The latest in the Performer’s Platform series organised by St James’s Cavalier featured trumpeter Carlos Borg and experienced pianist Tricia Dawn Williams.

Known for her predilection for modern and contemporary music, both as soloist and accompanist, it need not take a look at the programme to know what kind of music to expect.

Indeed, the first work was Hindemith’s Sonata for trumpet and piano (1938). It is a very popular piece, with trumpeters worth their salt. Malta’s flourishing band clubs are the basic source of most of our best brass and woodwind players, and no less Borg, who was nurtured at St Michael’s Band Club of Żabbar and with which he is still deeply involved.

The sonata, in the traditional three-movement, is different in content. The initial Mit Kraft (With strength) saw exactly that, with the trumpeter’s assertive establishing of a powerful presence, egged on by the piano’s energetic driving force.

The beginning is very martial and leads to a very turbulent and well-handled section here. Rather than the expected slow middle movement, Hindemith continues underlying the movement with tension, even if in this Mäßig bewegt there is a certain amount of lighter playfulness juxtaposed with march-like elements from the previous movement.

There were some very slight deviations from the ideal pitch in some passages, well remedied by the time Trauermusik concluded the work. The innate sadness of this finale was pronounced and much in contrast with the rest of the work which the trumpet’s very long and beautifully sustained concluding note.

In its few minutes’ duration, Bloch’s Proclamation sees no less than six or seven changes of tempi. Originally he wrote it for trumpet and orchestra. In the arrangement for piano the trumpet, of course, retains supremacy, with the piano providing the necessary solid backing which was always forthcoming.
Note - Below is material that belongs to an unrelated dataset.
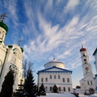 Нынешний архитектурный комплекс монастыря создавался на протяжении ХVII — ХIХ веков и теперь включает храм Чудотворной иконы Грузинской Божьей Матери, самую маленькую в Европе церковь во имя мучениц Веры, Надежды, Любови и матери их Софии, Троицкий собор, Церковь во имя Святых Отцов, в Синае и Раифе убиенных.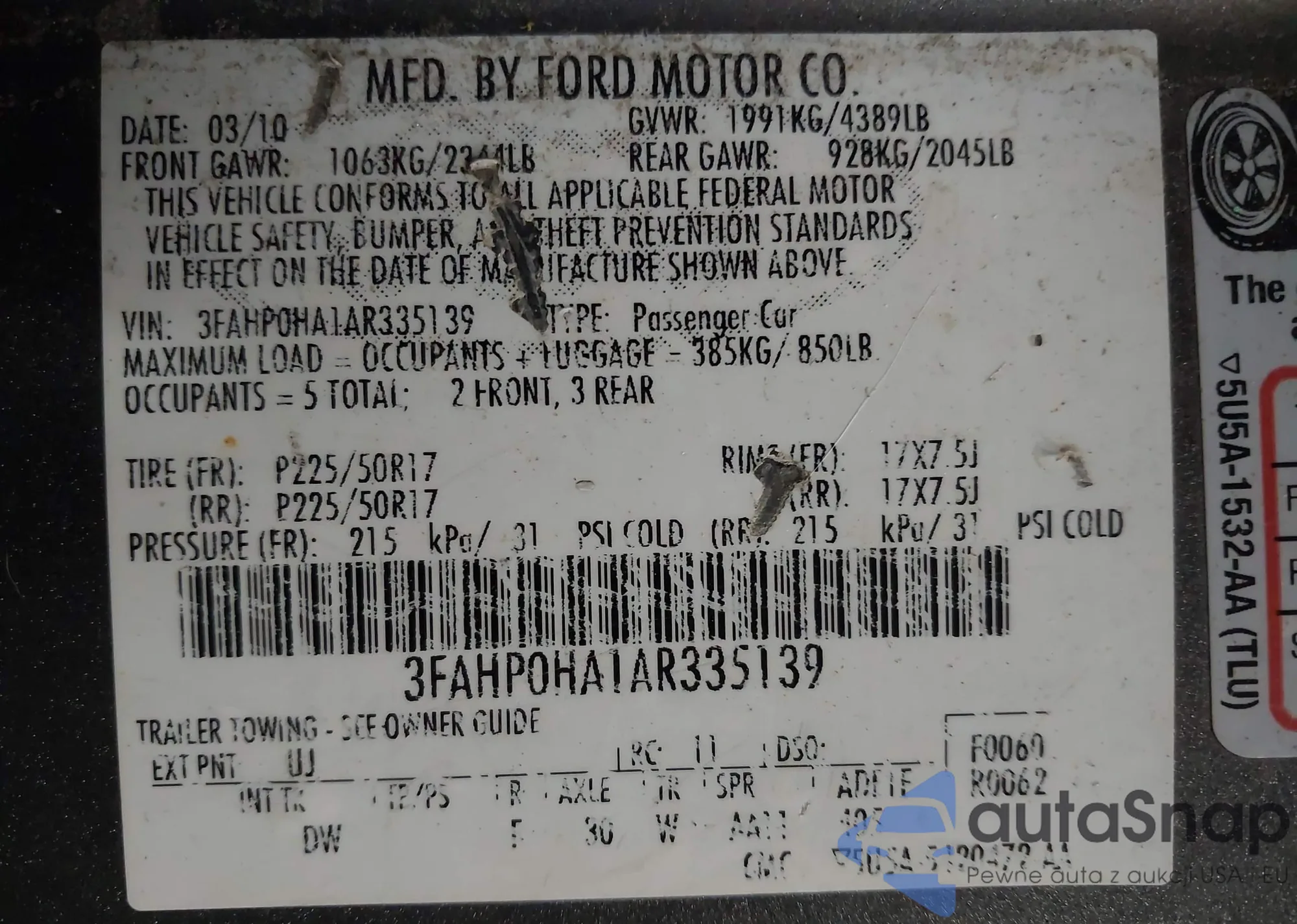 VIN: 3FAHP0HA1AR335139

The work is very declamatory, of course, with a decisively assertive and rather energetic opening allegro gradually giving way to a slowly diminishing quest for calmer if deeper waters, with an increase in the lyrical aspects of the music.

By contrast, the showpiece that is Herbert Clarke’s The Debutante (Caprice Brilliant), the oldest piece in the concert (1917) was a crescendo of technical prowess shared to some extent by the piano, as well in this arrangement from the original with brass band.

It reminds one very much of the bel canto fantasias and arrangements of opera arias, a device so popular in the 19th century.

These always call for a lot of virtuosity on the part of the main protagonist, not lacking here, and in which some very lyrical passages did not lack either. It ended the recital with a general touch of admirable accomplishment.